◆ **REQUIRED ACTION**:
Without including any pictures, write out the data below exactly.

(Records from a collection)
════════════════

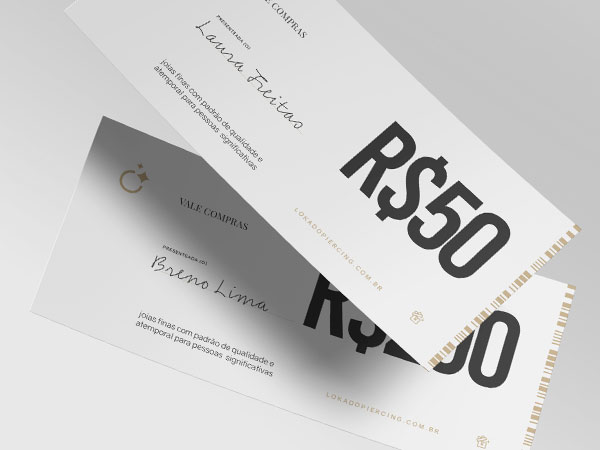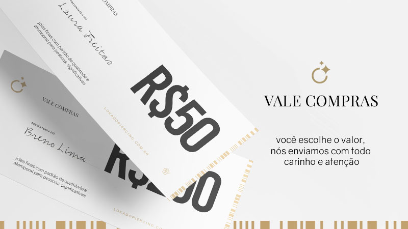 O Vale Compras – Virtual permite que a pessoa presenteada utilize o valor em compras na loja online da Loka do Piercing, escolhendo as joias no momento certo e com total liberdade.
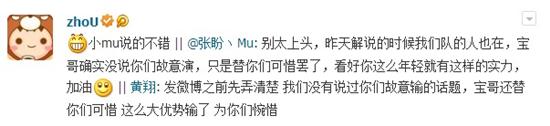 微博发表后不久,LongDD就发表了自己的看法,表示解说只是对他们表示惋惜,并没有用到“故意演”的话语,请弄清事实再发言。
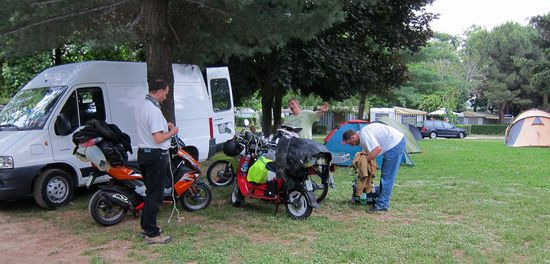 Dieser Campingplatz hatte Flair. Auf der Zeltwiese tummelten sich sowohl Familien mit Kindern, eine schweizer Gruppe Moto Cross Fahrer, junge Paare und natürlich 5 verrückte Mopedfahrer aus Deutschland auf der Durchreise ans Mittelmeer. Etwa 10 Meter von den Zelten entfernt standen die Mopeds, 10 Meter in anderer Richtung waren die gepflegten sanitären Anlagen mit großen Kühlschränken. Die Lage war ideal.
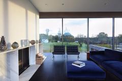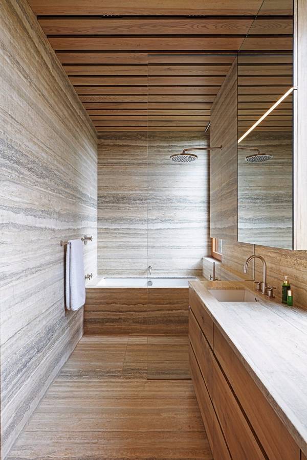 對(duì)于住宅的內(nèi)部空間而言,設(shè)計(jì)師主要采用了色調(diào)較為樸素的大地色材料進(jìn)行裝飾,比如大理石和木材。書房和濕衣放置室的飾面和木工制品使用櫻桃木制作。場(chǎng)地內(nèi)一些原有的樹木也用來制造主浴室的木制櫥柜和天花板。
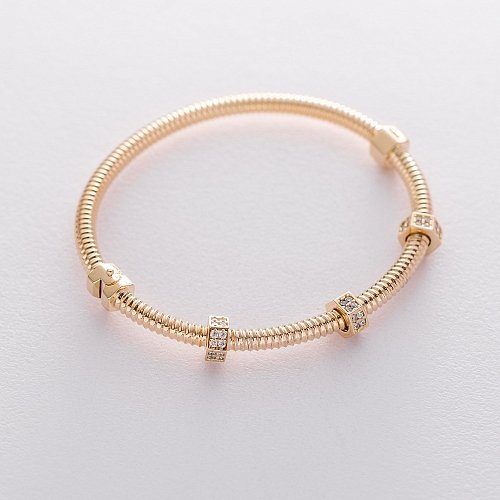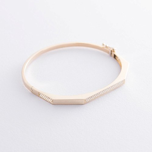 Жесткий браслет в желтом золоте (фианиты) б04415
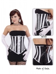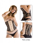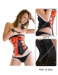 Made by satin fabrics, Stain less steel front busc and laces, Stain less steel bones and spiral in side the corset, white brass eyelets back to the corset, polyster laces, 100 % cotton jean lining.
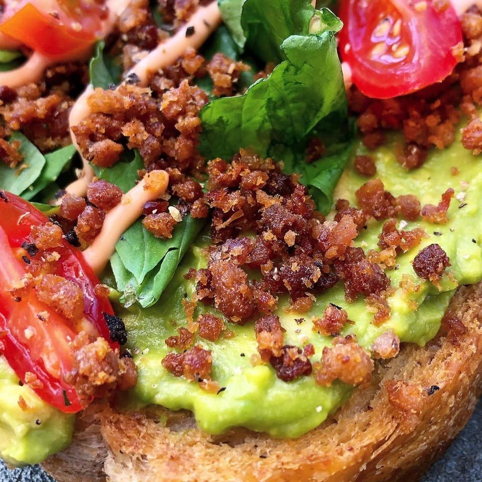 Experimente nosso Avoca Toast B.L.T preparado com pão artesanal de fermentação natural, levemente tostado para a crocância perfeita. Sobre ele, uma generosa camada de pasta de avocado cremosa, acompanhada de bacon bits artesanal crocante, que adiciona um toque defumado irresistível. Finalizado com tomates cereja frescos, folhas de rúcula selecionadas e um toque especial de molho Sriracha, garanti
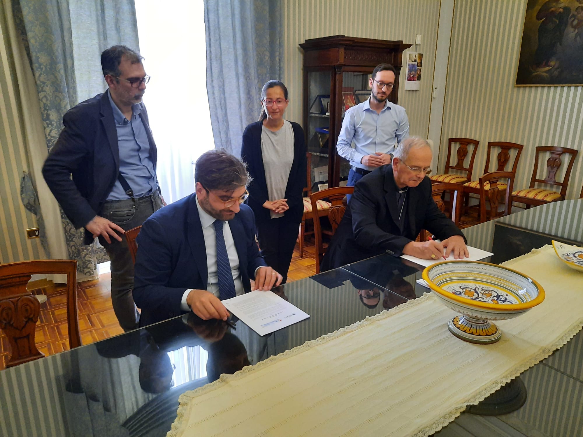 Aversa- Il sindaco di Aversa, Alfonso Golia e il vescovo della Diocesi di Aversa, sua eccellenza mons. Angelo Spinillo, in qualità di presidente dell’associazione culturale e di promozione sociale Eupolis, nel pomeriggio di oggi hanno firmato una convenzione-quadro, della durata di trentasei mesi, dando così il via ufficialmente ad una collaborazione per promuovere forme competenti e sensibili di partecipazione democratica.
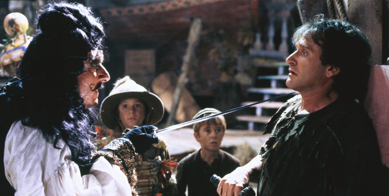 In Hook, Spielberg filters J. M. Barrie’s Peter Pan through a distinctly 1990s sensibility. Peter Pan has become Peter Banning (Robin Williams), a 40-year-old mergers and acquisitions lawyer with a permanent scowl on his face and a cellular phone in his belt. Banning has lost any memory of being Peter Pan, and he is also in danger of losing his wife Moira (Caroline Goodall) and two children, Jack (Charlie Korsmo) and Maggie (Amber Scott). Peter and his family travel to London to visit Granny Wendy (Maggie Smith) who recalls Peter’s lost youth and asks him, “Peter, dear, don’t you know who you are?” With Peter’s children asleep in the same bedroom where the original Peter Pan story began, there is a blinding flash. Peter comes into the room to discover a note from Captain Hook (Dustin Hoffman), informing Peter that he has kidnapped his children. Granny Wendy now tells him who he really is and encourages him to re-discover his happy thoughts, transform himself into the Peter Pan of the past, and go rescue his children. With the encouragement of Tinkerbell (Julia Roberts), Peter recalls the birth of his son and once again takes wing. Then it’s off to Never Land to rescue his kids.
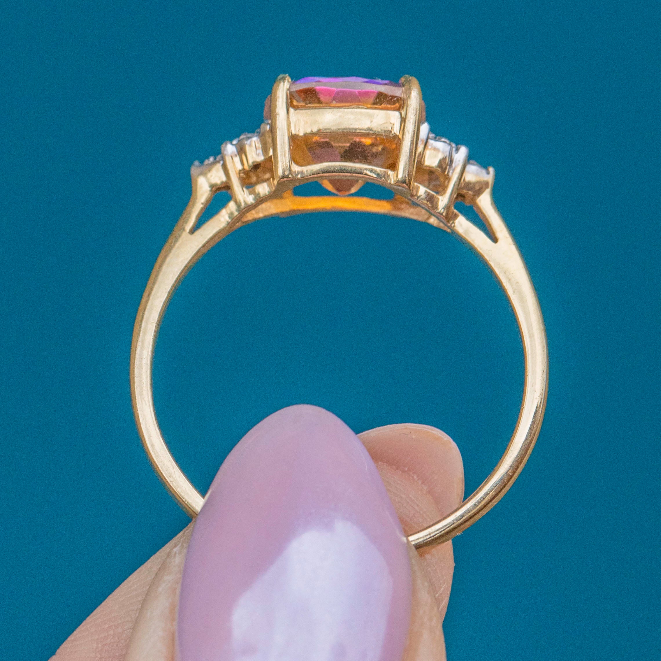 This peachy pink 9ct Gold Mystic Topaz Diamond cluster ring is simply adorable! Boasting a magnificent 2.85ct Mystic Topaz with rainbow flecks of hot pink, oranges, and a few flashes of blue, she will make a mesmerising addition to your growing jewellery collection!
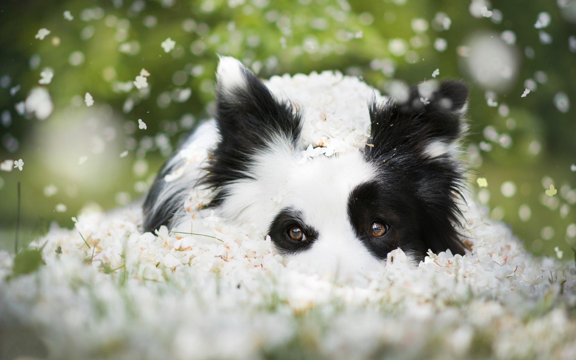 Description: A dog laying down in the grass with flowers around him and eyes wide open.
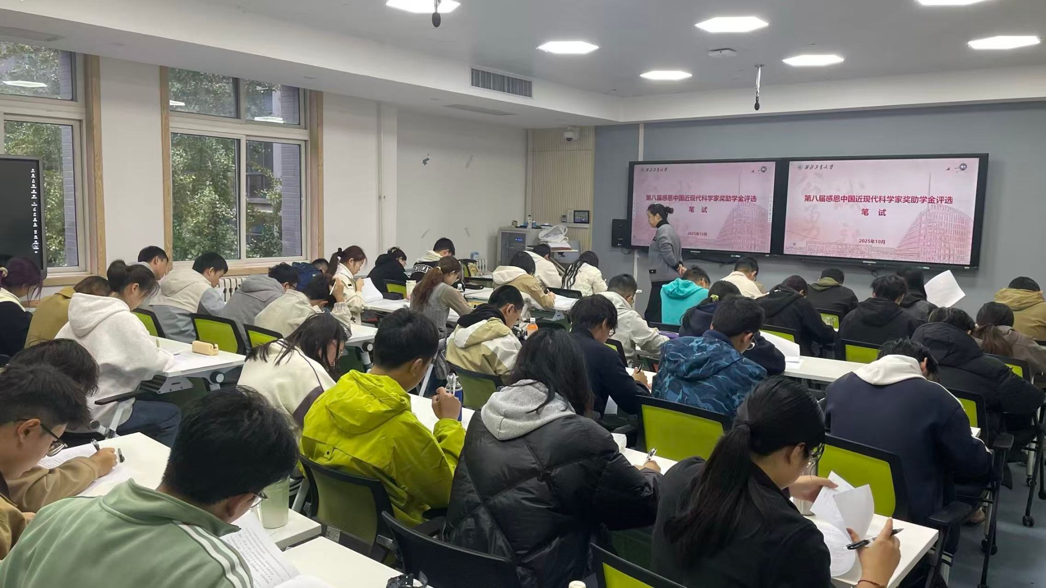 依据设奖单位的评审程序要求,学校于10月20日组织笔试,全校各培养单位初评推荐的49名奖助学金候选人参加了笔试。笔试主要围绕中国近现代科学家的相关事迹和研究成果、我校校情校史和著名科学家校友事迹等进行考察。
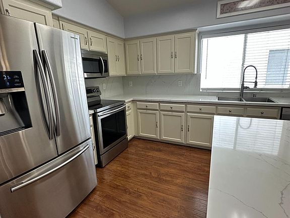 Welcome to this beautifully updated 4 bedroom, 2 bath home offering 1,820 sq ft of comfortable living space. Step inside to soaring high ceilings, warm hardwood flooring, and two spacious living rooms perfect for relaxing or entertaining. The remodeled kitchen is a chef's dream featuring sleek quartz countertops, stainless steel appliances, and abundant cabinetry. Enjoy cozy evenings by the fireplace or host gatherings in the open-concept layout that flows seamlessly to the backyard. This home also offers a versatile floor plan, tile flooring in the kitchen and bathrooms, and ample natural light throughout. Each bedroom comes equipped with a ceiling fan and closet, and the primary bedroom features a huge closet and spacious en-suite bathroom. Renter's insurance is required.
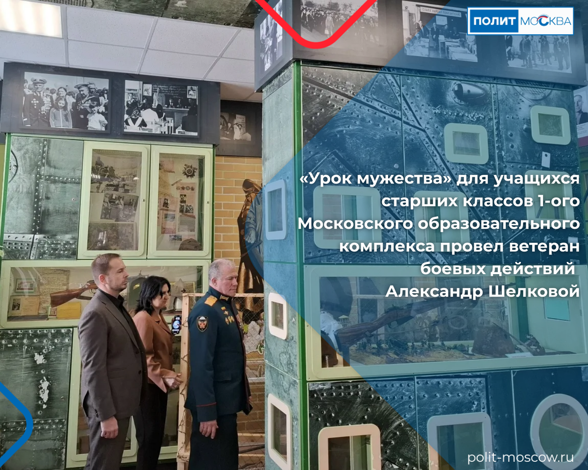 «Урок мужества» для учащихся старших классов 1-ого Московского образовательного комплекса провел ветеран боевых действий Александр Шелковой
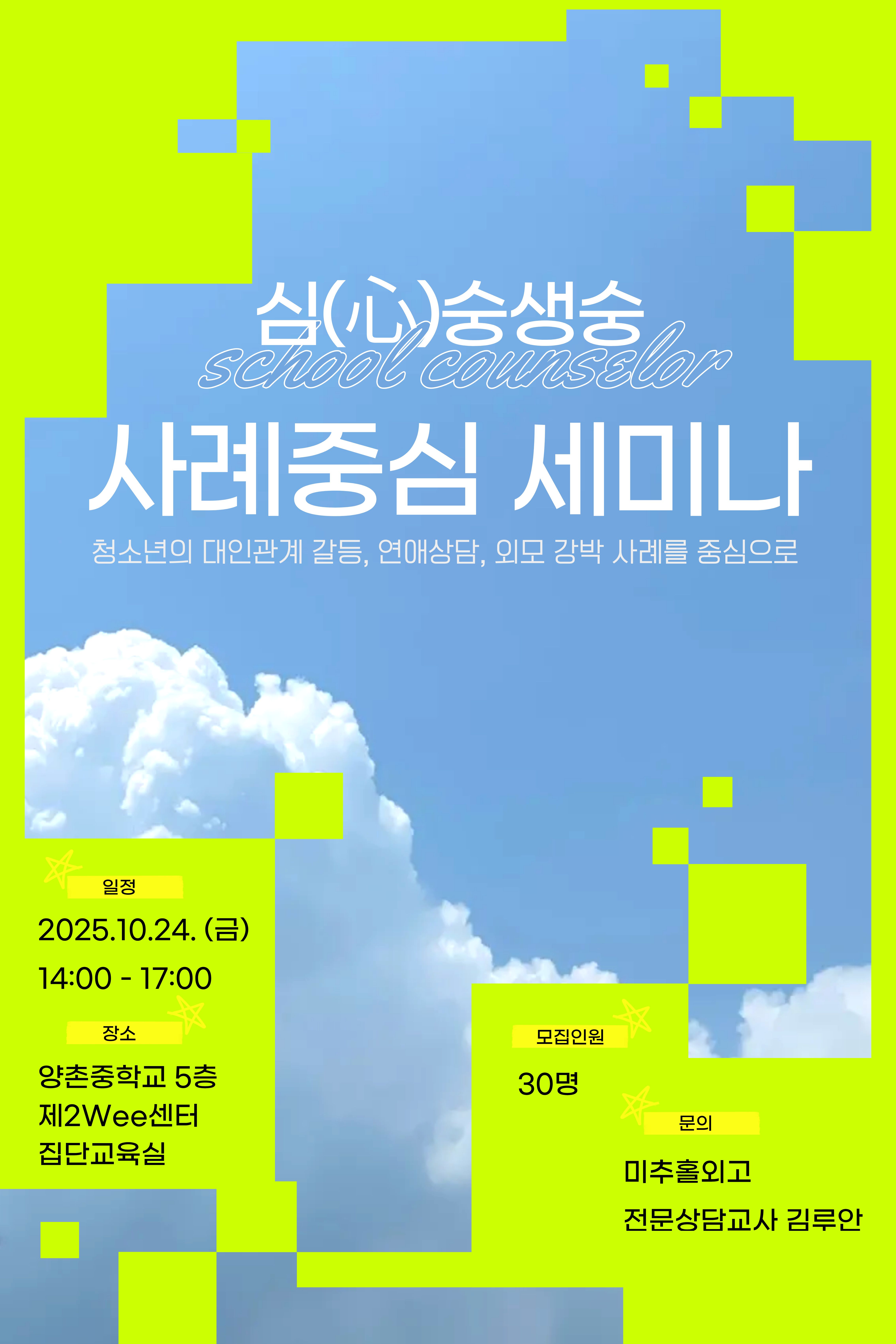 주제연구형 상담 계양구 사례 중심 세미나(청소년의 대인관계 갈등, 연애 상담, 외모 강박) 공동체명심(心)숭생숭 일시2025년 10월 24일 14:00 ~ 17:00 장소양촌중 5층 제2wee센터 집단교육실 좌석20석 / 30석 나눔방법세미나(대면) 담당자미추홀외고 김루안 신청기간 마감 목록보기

════════════════

◆ **EXERCISE ANSWER**:
 O Vale Compras – Virtual permite que a pessoa presenteada utilize o valor em compras na loja online da Loka do Piercing, escolhendo as joias no momento certo e com total liberdade.
 微博发表后不久,LongDD就发表了自己的看法,表示解说只是对他们表示惋惜,并没有用到“故意演”的话语,请弄清事实再发言。
 Dieser Campingplatz hatte Flair. Auf der Zeltwiese tummelten sich sowohl Familien mit Kindern, eine schweizer Gruppe Moto Cross Fahrer, junge Paare und natürlich 5 verrückte Mopedfahrer aus Deutschland auf der Durchreise ans Mittelmeer. Etwa 10 Meter von den Zelten entfernt standen die Mopeds, 10 Meter in anderer Richtung waren die gepflegten sanitären Anlagen mit großen Kühlschränken. Die Lage war ideal.
 對(duì)于住宅的內(nèi)部空間而言,設(shè)計(jì)師主要采用了色調(diào)較為樸素的大地色材料進(jìn)行裝飾,比如大理石和木材。書房和濕衣放置室的飾面和木工制品使用櫻桃木制作。場(chǎng)地內(nèi)一些原有的樹木也用來制造主浴室的木制櫥柜和天花板。
 Жесткий браслет в желтом золоте (фианиты) б04415
 Made by satin fabrics, Stain less steel front busc and laces, Stain less steel bones and spiral in side the corset, white brass eyelets back to the corset, polyster laces, 100 % cotton jean lining.
 Experimente nosso Avoca Toast B.L.T preparado com pão artesanal de fermentação natural, levemente tostado para a crocância perfeita. Sobre ele, uma generosa camada de pasta de avocado cremosa, acompanhada de bacon bits artesanal crocante, que adiciona um toque defumado irresistível. Finalizado com tomates cereja frescos, folhas de rúcula selecionadas e um toque especial de molho Sriracha, garanti
 Aversa- Il sindaco di Aversa, Alfonso Golia e il vescovo della Diocesi di Aversa, sua eccellenza mons. Angelo Spinillo, in qualità di presidente dell’associazione culturale e di promozione sociale Eupolis, nel pomeriggio di oggi hanno firmato una convenzione-quadro, della durata di trentasei mesi, dando così il via ufficialmente ad una collaborazione per promuovere forme competenti e sensibili di partecipazione democratica.
 In Hook, Spielberg filters J. M. Barrie’s Peter Pan through a distinctly 1990s sensibility. Peter Pan has become Peter Banning (Robin Williams), a 40-year-old mergers and acquisitions lawyer with a permanent scowl on his face and a cellular phone in his belt. Banning has lost any memory of being Peter Pan, and he is also in danger of losing his wife Moira (Caroline Goodall) and two children, Jack (Charlie Korsmo) and Maggie (Amber Scott). Peter and his family travel to London to visit Granny Wendy (Maggie Smith) who recalls Peter’s lost youth and asks him, “Peter, dear, don’t you know who you are?” With Peter’s children asleep in the same bedroom where the original Peter Pan story began, there is a blinding flash. Peter comes into the room to discover a note from Captain Hook (Dustin Hoffman), informing Peter that he has kidnapped his children. Granny Wendy now tells him who he really is and encourages him to re-discover his happy thoughts, transform himself into the Peter Pan of the past, and go rescue his children. With the encouragement of Tinkerbell (Julia Roberts), Peter recalls the birth of his son and once again takes wing. Then it’s off to Never Land to rescue his kids.
 This peachy pink 9ct Gold Mystic Topaz Diamond cluster ring is simply adorable! Boasting a magnificent 2.85ct Mystic Topaz with rainbow flecks of hot pink, oranges, and a few flashes of blue, she will make a mesmerising addition to your growing jewellery collection!
 Description: A dog laying down in the grass with flowers around him and eyes wide open.
 依据设奖单位的评审程序要求,学校于10月20日组织笔试,全校各培养单位初评推荐的49名奖助学金候选人参加了笔试。笔试主要围绕中国近现代科学家的相关事迹和研究成果、我校校情校史和著名科学家校友事迹等进行考察。
 Welcome to this beautifully updated 4 bedroom, 2 bath home offering 1,820 sq ft of comfortable living space. Step inside to soaring high ceilings, warm hardwood flooring, and two spacious living rooms perfect for relaxing or entertaining. The remodeled kitchen is a chef's dream featuring sleek quartz countertops, stainless steel appliances, and abundant cabinetry. Enjoy cozy evenings by the fireplace or host gatherings in the open-concept layout that flows seamlessly to the backyard. This home also offers a versatile floor plan, tile flooring in the kitchen and bathrooms, and ample natural light throughout. Each bedroom comes equipped with a ceiling fan and closet, and the primary bedroom features a huge closet and spacious en-suite bathroom. Renter's insurance is required.
 «Урок мужества» для учащихся старших классов 1-ого Московского образовательного комплекса провел ветеран боевых действий Александр Шелковой
 주제연구형 상담 계양구 사례 중심 세미나(청소년의 대인관계 갈등, 연애 상담, 외모 강박) 공동체명심(心)숭생숭 일시2025년 10월 24일 14:00 ~ 17:00 장소양촌중 5층 제2wee센터 집단교육실 좌석20석 / 30석 나눔방법세미나(대면) 담당자미추홀외고 김루안 신청기간 마감 목록보기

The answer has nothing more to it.